Skocz do zawartości
Nerwica.com

Mój dzisiejszy dzień


daablenart

Rekomendowane odpowiedzi

Ja z nerkami to mam problemy od dziecka...raz pojawiały mi sie kamienie w nerkach,potem znikałypo leczeniu,potem znowu sie pojawiały i potem znowu znikały....ostatnie usg wykazało że kamieni nie mam ale coś z tymi nerkami znowu musze mieć bo kiedyś po wykonaniu czynności fizjologicznej tak mi się ciężko w nerkachciężko zrobiło że omało się nie udusilem... :cry: mówie Wam taki przerażony wtedy byłem,wziąłem jakieś tabletki na rozszerzenie mięśni żeby woda mieszcząca się w nerkachjakoś uszła ze mnie.....no i po20 min.męczarni przestałem się dusić.Coś ze mną musi być nie tak....ale sie nie denerwuje tym bo takie duszenia to mam od kilku miesięcy...

Dzisiejsza niedziela oczywiśćie nuuudna była...ale słoneczko świecilo >

Udostępnij tę odpowiedź


Odnośnik do odpowiedzi
Udostępnij na innych stronach

Mój dzisiejszy dzień..

 

Był bardzo radosny..

 

Zacznę od początku. Obudziłam się pełna optymizmu i świadoma wspaniałości świata. Za oknem śpiewały ptaki a słonko ślicznie świeciło. Wiosna zawsze dodaje mi sił witalnych i mobilizuje do działania. Zauważyłam nawet,że ludzie otaczający mnie są bardziej otwarci, życzliwi, uśmiechnięci.

 

Korzystając z uroków dnia, po obiedzie wybraliśmy się na spacer. Nie mogliśmy stracić tak fantastycznych okazji do wspólnych eskapad. Uwielbiam te chwile..

 

On też je ceni..

 

Niedziela nie musi być smutnym obowiązkiem. Trudno dobrać odpowiednie słowa by opisać Wam jak udany potrafi być zwykły dzień. Ważne tylko by chcieć i kochać.

 

 

Ps.
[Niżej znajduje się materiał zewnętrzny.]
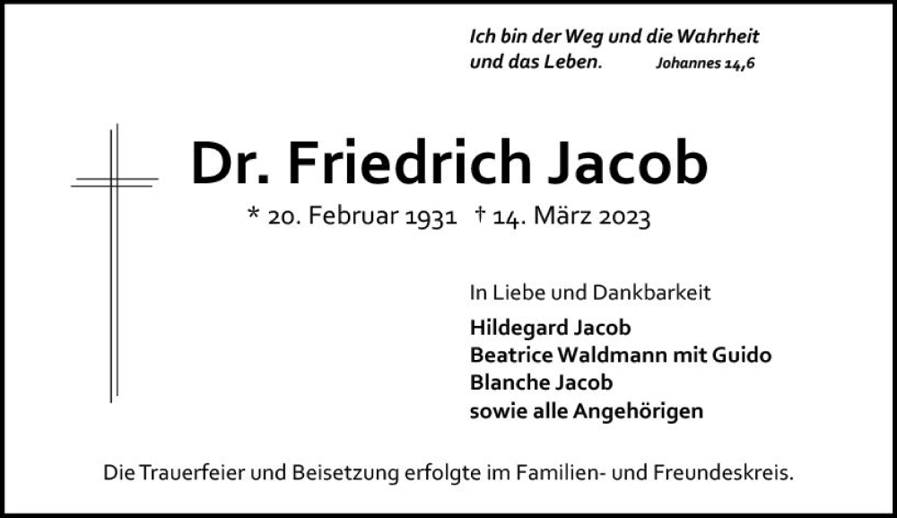 Hier finden Sie alle Traueranzeigen aus der Zeitung, die bisher für Friedrich Jacob erschienen sind. Weitere Traueranzeigen, die in der Zeitung erscheinen, werden hier ebenfalls aufgelistet

To ściema (miałam napisać "ściema ale fajnie brzmi"..ale obiektywnie na to patrząc - to żałosne pojękiwanie..).

Udostępnij tę odpowiedź


Odnośnik do odpowiedzi
Udostępnij na innych stronach

Czy ktoś się za mną stęsknił?

Chwilowo jestem. Jeszcze nie byłam w pracy, siedzę sobie na zwolnieniu bo moja córcia raczyła zachorować na zapalenie ucha. Chorujemy do końca miesiąca. A potem to już na pewno wrócę na stałe.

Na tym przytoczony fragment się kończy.